HSD418
Challenges to Governance
Professor Aysnley Kellow and Professor Rod Rhodes
‘Government’ as a set of institutions is no longer synonymous with ‘government’ as a process. As a result, the term ‘governance’ is increasingly used to account for a growing number of situations where governance occurs without government. The reasons for this reflect not only a shift in the boundaries of the state, and a ‘hollowing out’ of government, but fundamental shifts in the competences of different levels of government, as local and global forces both undermine and overlay the capacity of nation-states in some areas, but strengthen the hand of nation-states in others. The increasing importance of non-governmental actors further complicates this picture.
HSD425
Policy Implementation and Evaluation
Professor Rod Rhodes and Dr Hannah Murphy
This course is offered at Honours, Graduate Certificate, Graduate Diploma and Masters levels. It explores major conceptual, empirical and normative issues surrounding the implementation and evaluation of public policy. Both of these phases of the policy process are examined separately and in relation to each other and to other concepts such as compliance, effectiveness, policy learning and accountability.
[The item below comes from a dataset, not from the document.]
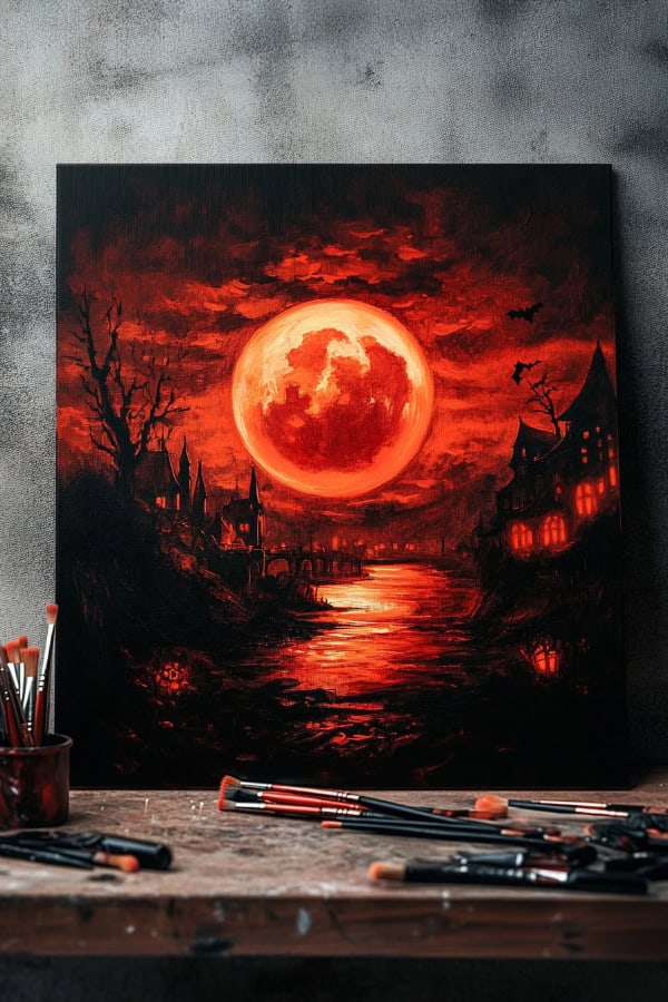A blood-red moon glows over a dark, eerie river. We can paint this haunting scene on canvas with simple strokes. First, let's use deep reds and blacks for the sky. Then, add a glowing red circle for the moon.

The growing importance of policy implementation and evaluation is reflected in a burgeoning literature from official government sources and various fields of academia. This literature is critically analysed. So-called lessons for successful implementation are identified along with implementation ‘traps’. Measure for enhancing policy compliance and policy learning are examined. Finally, the purposes, types and methods of evaluation are surveyed.